━━━━━ Data supplied ━━━━━

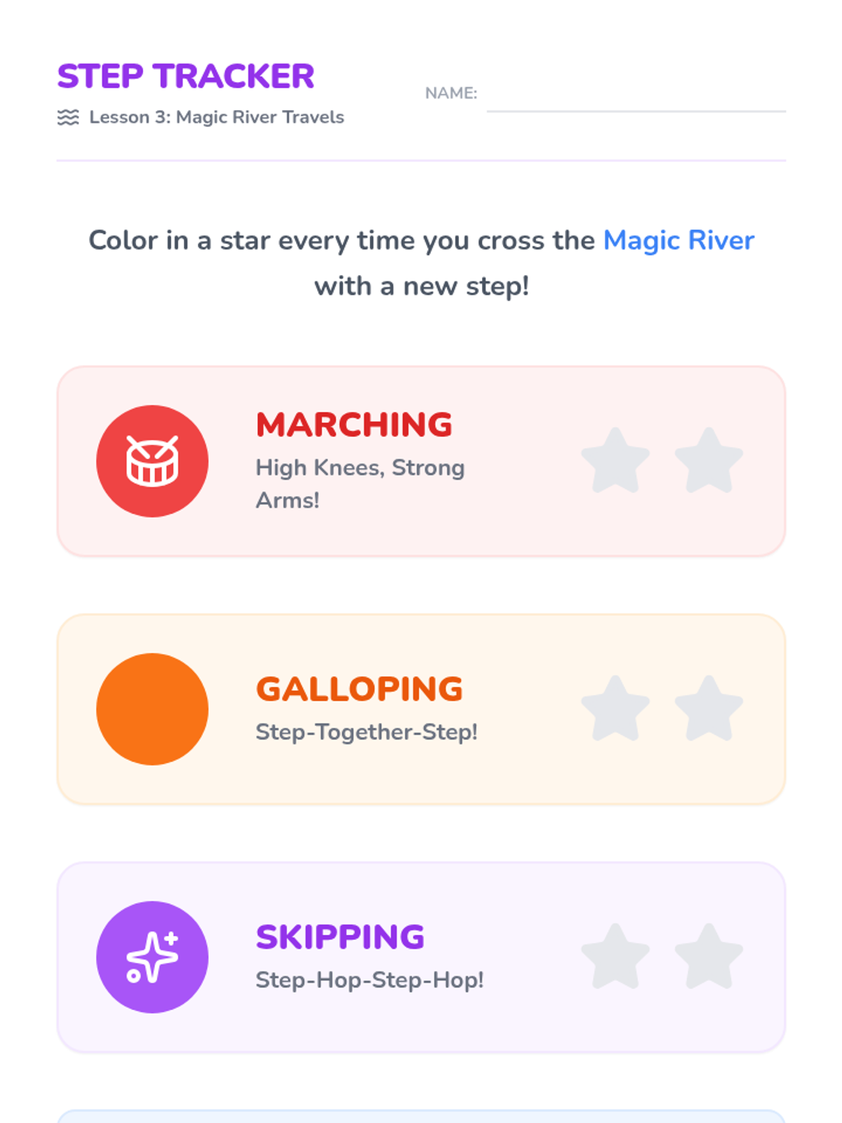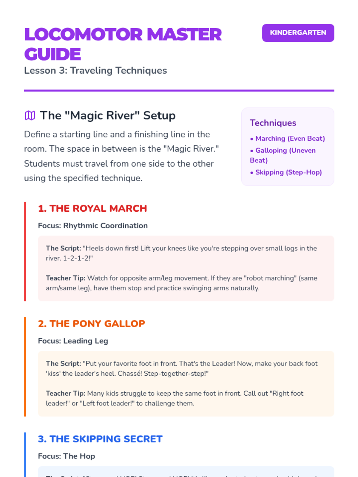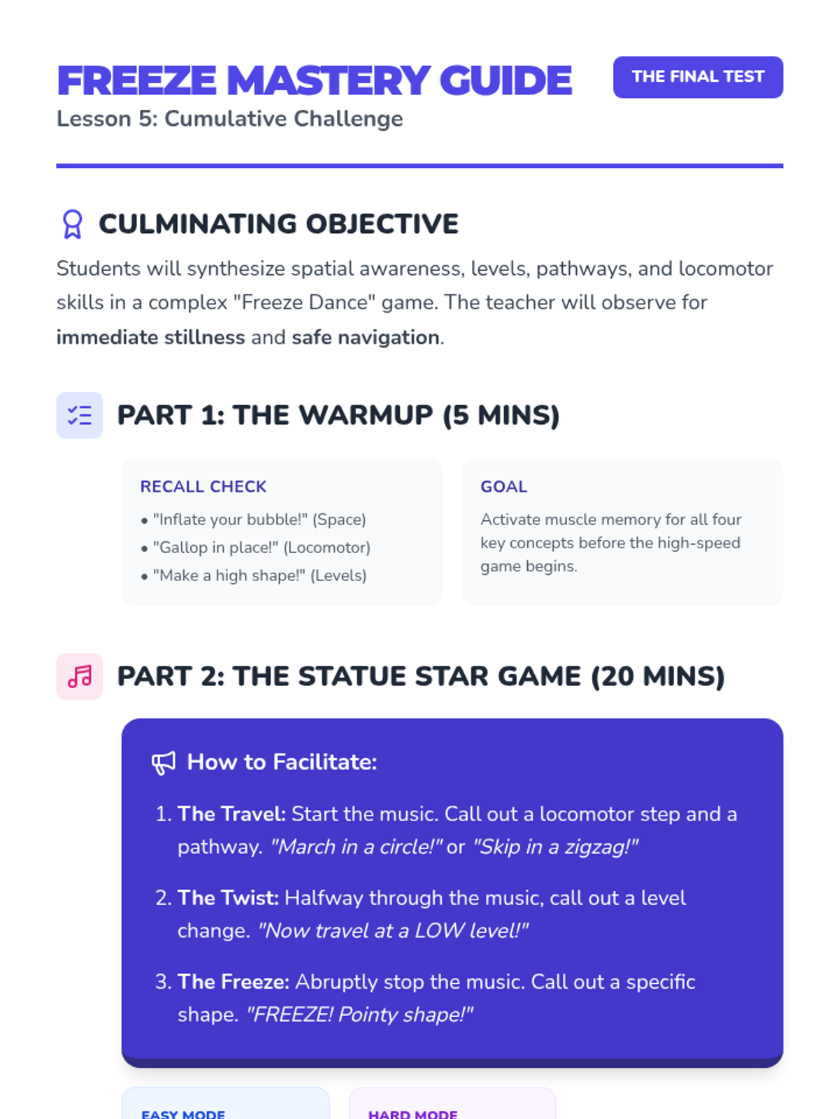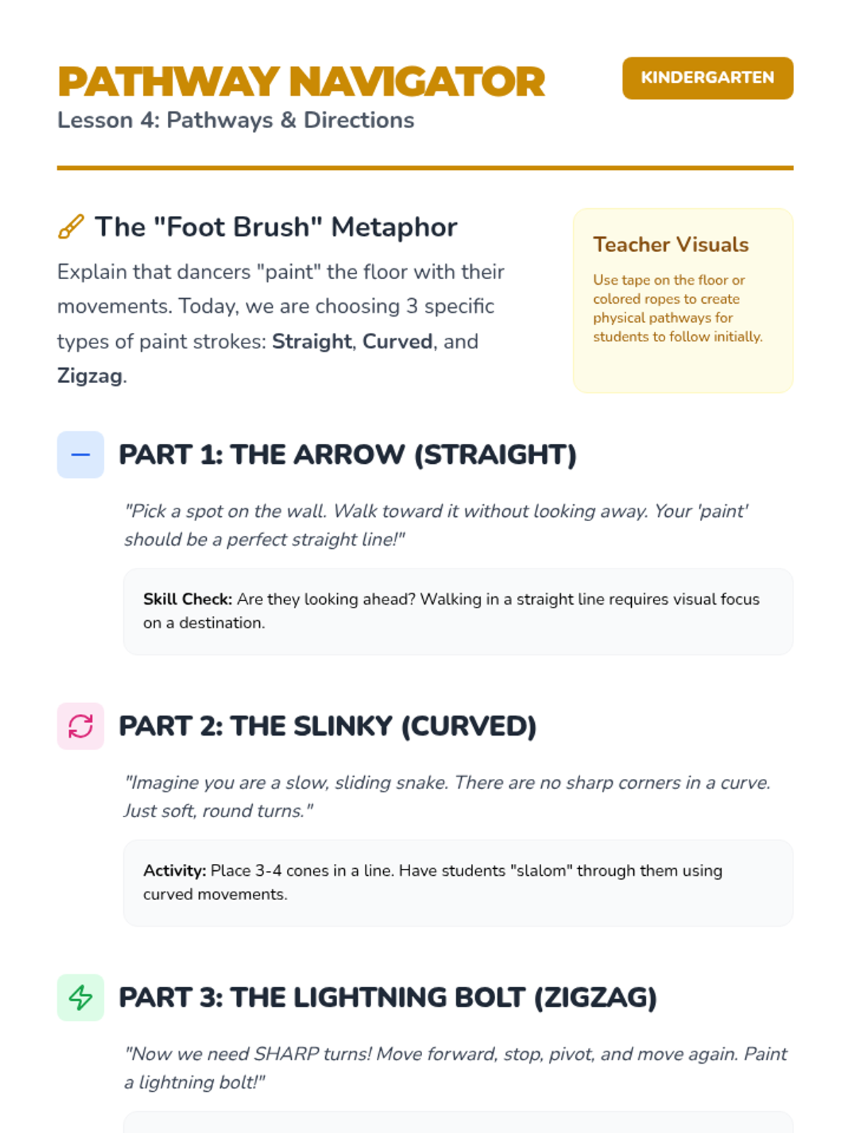 A foundational dance sequence for Kindergarteners focusing on personal space (kinesphere), levels, pathways, and locomotor movements like skipping and galloping. Students learn to move safely and creatively while developing body control and balance.
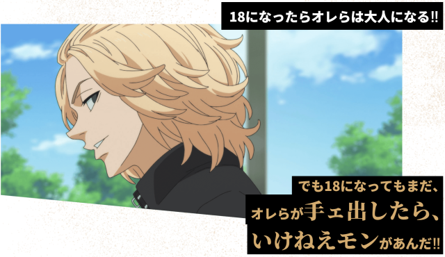 日本最近新修改了一個非常重要的法規,自今年四月起,根據日本《民法》修正案,日本成年年齡從二十歲下調至十八歲,即十八歲為成人。而這與青少年相關這個重要的法規變革,由近年非常人氣的作品《東京卍復仇者》負責宣導,拍攝了相關的宣傳動畫廣告,來告知所有切身相關的日本民眾。
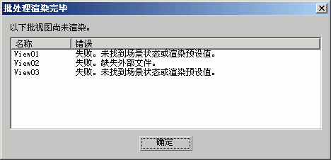 此对话框将通知您哪些批处理渲染未完成。如果可能,它将会提供故障原因的描述。
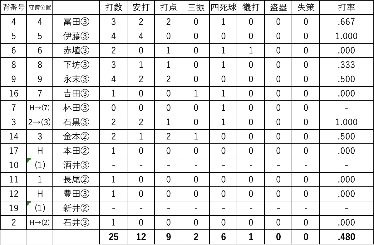 4回裏;一死3塁で4番下坊右翼線タイムリー三塁打、続く5番永末も左中間タイムリー三塁打、さらに暴投でこの回3点追加。9-0
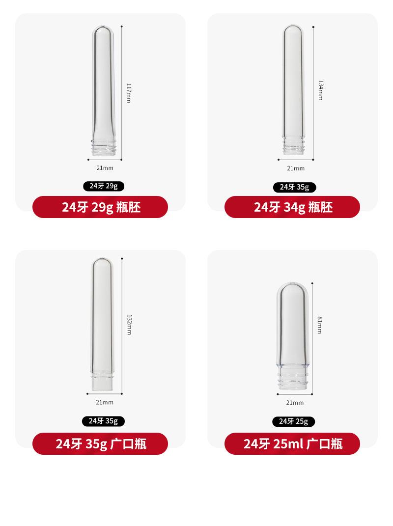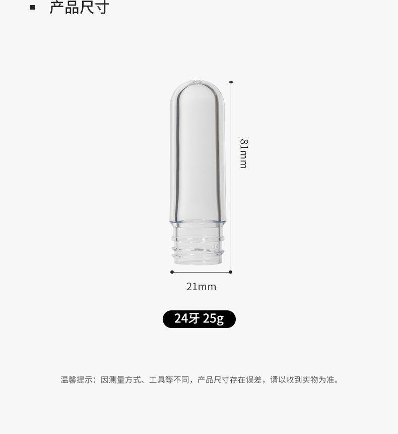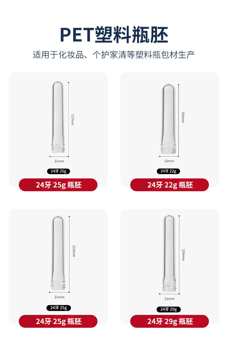 Tubo transparente de 24 bocas en blanco para mascotas, botella para clase de lavado y cuidado, tubo en blanco para moldeo por inyección, botella para crema cosmética, botella para gel de ducha, botella para desinfectante de manos
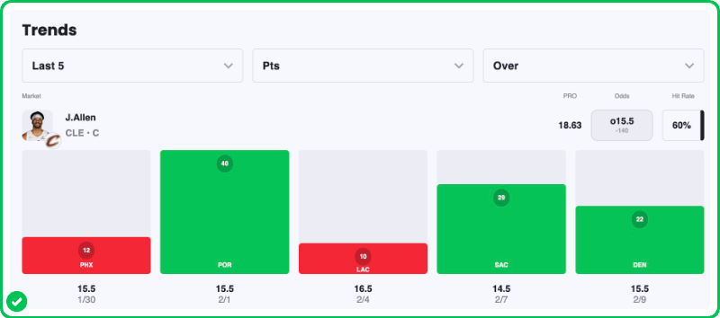Pick: Jarrett Allen Over 15.5 Points (-120)
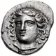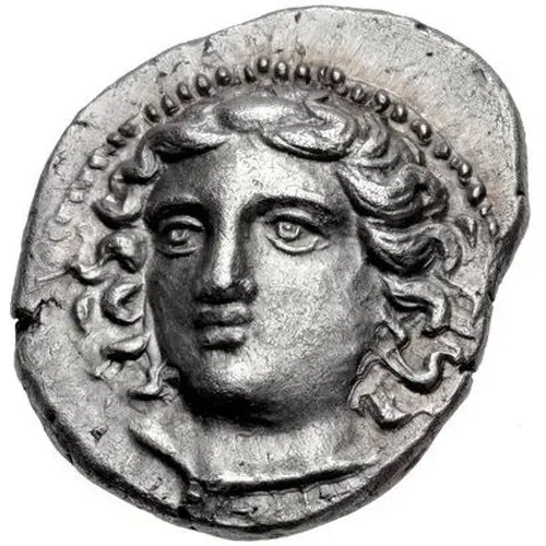 | Obverse description | Head of the nymph Gyrtone facing slightly left, hair in ampyx |
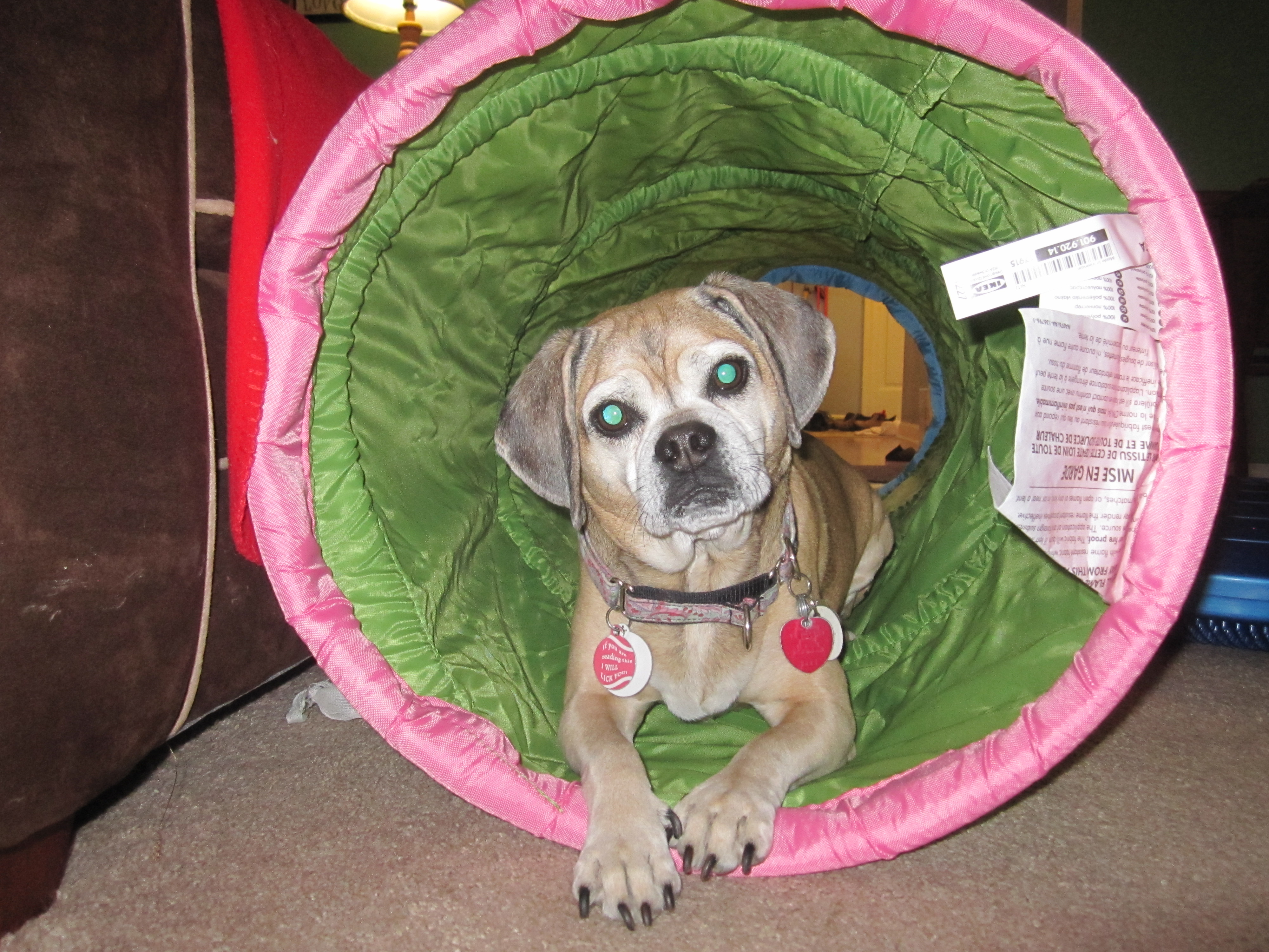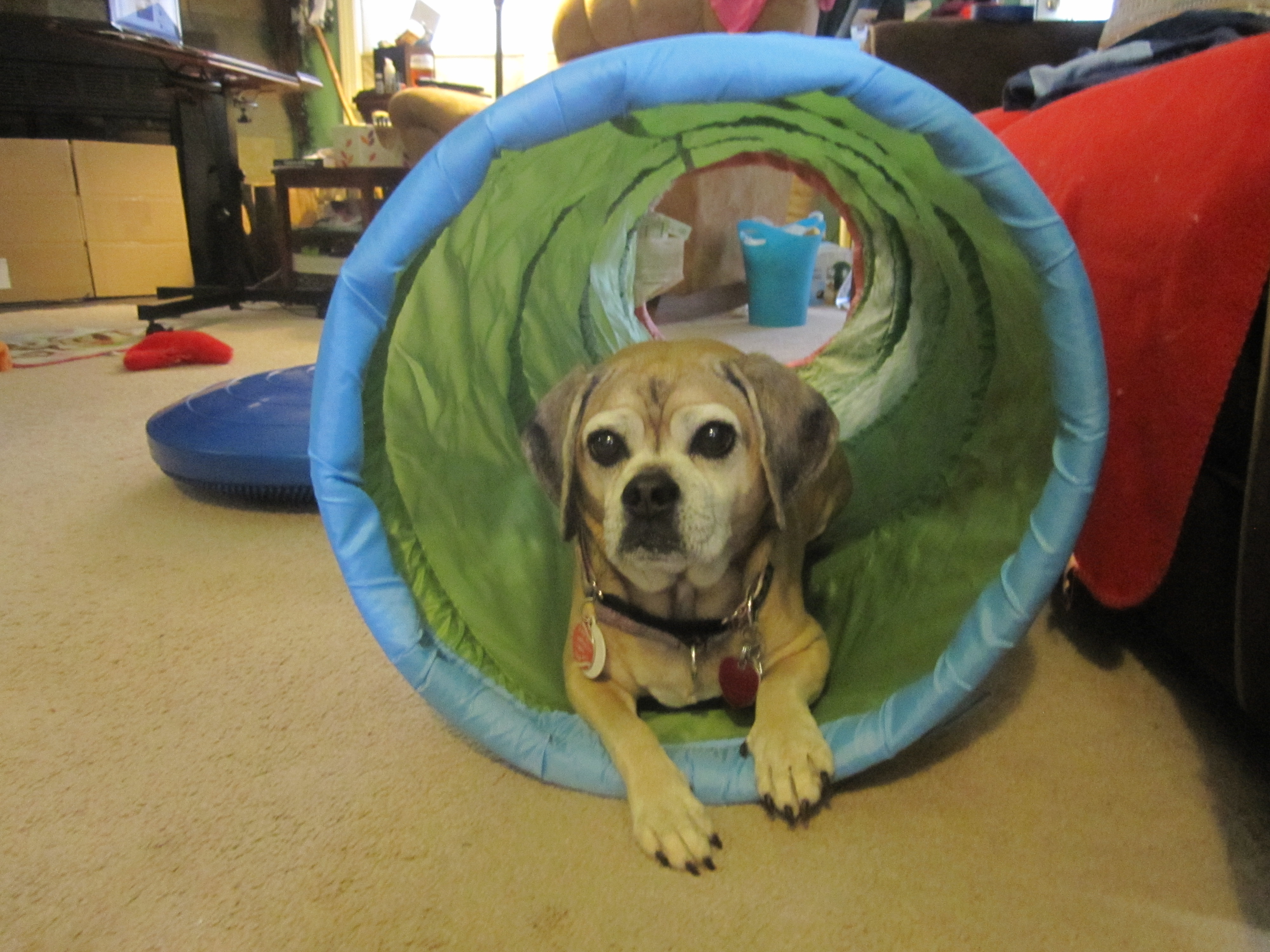 Despite missing a week of agility because I was sick, we did very well in class this week. It was a jumper’s course, with tunnels and jumps. We’ve been practicing the tunnel at home and Zora was great!

━━━━━

[What is required]
Your copy should hold each line above exactly and no pictures at all.

[Task solution]
 A foundational dance sequence for Kindergarteners focusing on personal space (kinesphere), levels, pathways, and locomotor movements like skipping and galloping. Students learn to move safely and creatively while developing body control and balance.
 日本最近新修改了一個非常重要的法規,自今年四月起,根據日本《民法》修正案,日本成年年齡從二十歲下調至十八歲,即十八歲為成人。而這與青少年相關這個重要的法規變革,由近年非常人氣的作品《東京卍復仇者》負責宣導,拍攝了相關的宣傳動畫廣告,來告知所有切身相關的日本民眾。
 此对话框将通知您哪些批处理渲染未完成。如果可能,它将会提供故障原因的描述。
 4回裏;一死3塁で4番下坊右翼線タイムリー三塁打、続く5番永末も左中間タイムリー三塁打、さらに暴投でこの回3点追加。9-0
 Tubo transparente de 24 bocas en blanco para mascotas, botella para clase de lavado y cuidado, tubo en blanco para moldeo por inyección, botella para crema cosmética, botella para gel de ducha, botella para desinfectante de manos
Pick: Jarrett Allen Over 15.5 Points (-120)
 | Obverse description | Head of the nymph Gyrtone facing slightly left, hair in ampyx |
 Despite missing a week of agility because I was sick, we did very well in class this week. It was a jumper’s course, with tunnels and jumps. We’ve been practicing the tunnel at home and Zora was great!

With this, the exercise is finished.